Ideally I could have a simple app (or web app) that stores the query, and refreshes over and over again. As the data is filled into the table it could compare the old results and change the color to red or green (or something).
I would need sorting, and simple filtering (possibly with string replaces into the query based on the inputs.
We run Ubuntu at work and I have tried doing this via terminal scripts (we use Ruby), but I feel a more-visual output would give me better results.
Googling around I see several for-pay apps, but there has to be something out there to do this.

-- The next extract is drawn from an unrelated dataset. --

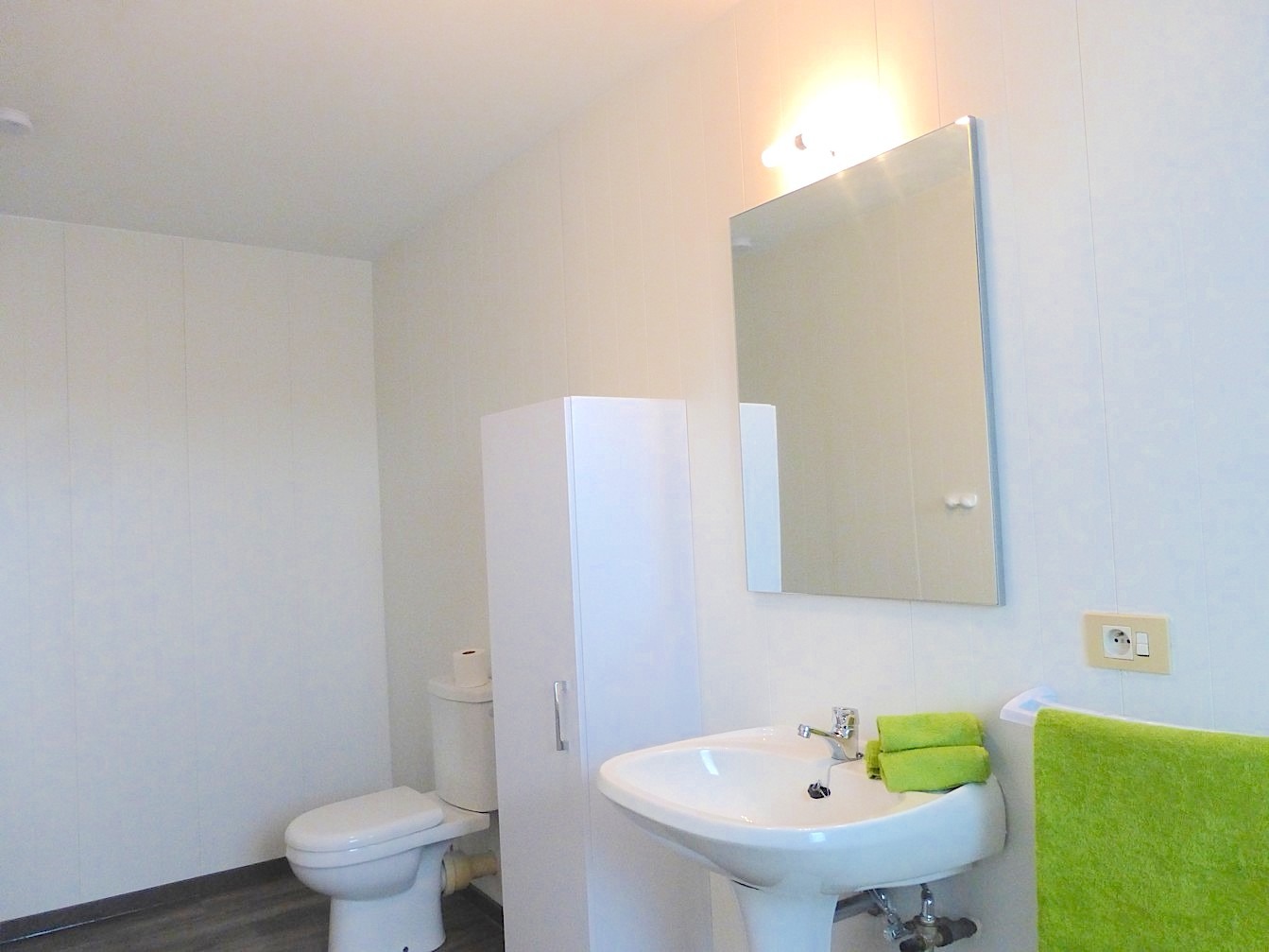 We komen binnen via de ruime garage. Hierachter is er een zeer grote berging met plaats voor wasmachine, droogkast,... alsook een apart toilet.

I don't mind coding one up, but I don't like to re-invent the wheel if I don't have to.
Many thanks!
For simple things like this you are not reinventing the wheel as much as making your own sandwich -- some things don't make much sense to buy. Just build the simplest web page possible (e.g. a table with the table names you are interested in and maybe a timestamp for the last time it was checked. Have some javascipt run your query and color the cells based on the change you are looking for...repeating this operation as needed. I could give you more specific info if you can tell me how the data changes...more entries into a table? Updates to existing data?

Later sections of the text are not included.